Sighing, hiccuping, farting, jawing, Luke settled in. His rage ebbed, his eyes closed, he relaxed. She did not. Her head pounded from the suppression of the pulsing blood of her anger. She tried to fix herself in time, to remember where she was by a logical procession of events. But the disjointed sleeping schedule made her stupid.
Luke never slept. Her mind fought to understand how that could be. How could an infant sleep only four hours out of every twenty-four? How could this baby stand to be awake, fussing, crying the second his body wasn’t being rocked or moved? She had read explanations: he had colic, he was in pain, an almost continual pain that kept him awake; the motion soothed him, reminded him of the womb, calmed him. He did need sleep, but his digestion wasn’t permitting him the rest. The book said he couldn’t wake himself up any more than he could prevent himself from falling asleep; those perverse abilities came around eight months. This was out of his control. It was not Luke’s fault; he was an innocent in pain and all her patience was required.

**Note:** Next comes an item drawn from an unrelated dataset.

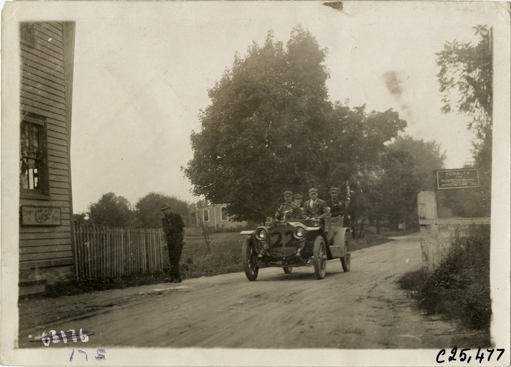 Motorists in Cino automobile passing through toll gate, 1910 Munsey Historic Tour

“Let him cry if you can’t take it,” her pediatrician had advised over the phone. She had called the doctor a few hours ago, in a desperate state, exhausted by five hours of walking Luke in the Snugli. The Snugli was a womb made of fabric, a carrying pouch which put Luke’s face into her chest, and curled him up against her stomach. Inside it, Luke was quiet and even got snatches of sleep. But the Snugli gave her no rest; on the contrary, its cross straps bit across her back and strained muscles which had escaped the ravages of pregnancy. “I feel like I’m losing my mind,” she had said to the doctor. This was the first week Eric had gone to work and left her alone with the baby. Today she had broken down and called Eric to ask if he could come home early. Eric said no, the market was very active, and suggested she phone his parents, but she declined. This was the first goddamned week. She couldn’t ask for their help so soon. “I feel like I’m going crazy,” she repeated to the pediatrician. “Isn’t there some medicine you can give him?”
“Colic lasts three months. And then it goes away. It doesn’t do him any harm. His digestive tract needs time to mature. Comfort him as much as you can, but let him cry if you can’t handle it.”

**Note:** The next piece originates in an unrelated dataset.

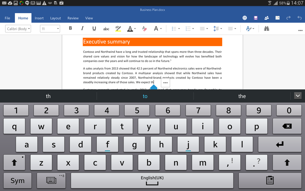 Office Android tablet sürümü kullanıcı arayüzü ve işlevler bakımından iPad için Office ile hemen hemen aynı niteliklere sahip. Microsoft sadece 7 ila 10.1 inç arası büyüklükte ekranlara sahip ve ARM tabanlı işlemciyle çalışan tabletleri destekliyor. Bu da şu anda piyasada bulunan çoğu Android tabletin kapsandığını gösteriyor.

Let him cry! Who raised these people, these doctors? she wondered. Did they all go to military school?
So she went back to pushing the carriage, harnessing herself into the Snugli, rocking Luke in her arms. The moment, the instant, the split second, sometimes even a fraction before she stopped the various movements, he cried, he raged, his legs pulled up, his face distorted in pain, his rear end expelled gas, his stomach compressed into a tight ball. Why does it only hurt him when I stop moving? She began to suspect Luke. He knows. He knows. If he pretends to hurt, I’ll pamper him. He knows.
Can’t he tell he’s killing me? He’s breaking me; he’s making me a failure.
Tears came from her as she sagged into despair. I can’t even be a mother. The simplest goddamned thing in the world. A peasant, an idiot can do it. While Luke sucked, tears collected at Nina’s jaw and formed a large drop, which then fell on his stretchy. Luke chewed away, unconcerned.
Nina studied him. He was content now. His curly black hair was damp from the humidity; the oppressive weather, the hot gray stifling days, drained her energy.
Luke peered blankly at her while he sucked her dry. There was no apology in his eyes. No sheepishness in his chewing. No fear of reprisal. Only suspicion, a wary surveillance of her. Don’t you make a move, his expressionless blue eyes seemed to say. You stay right here for me.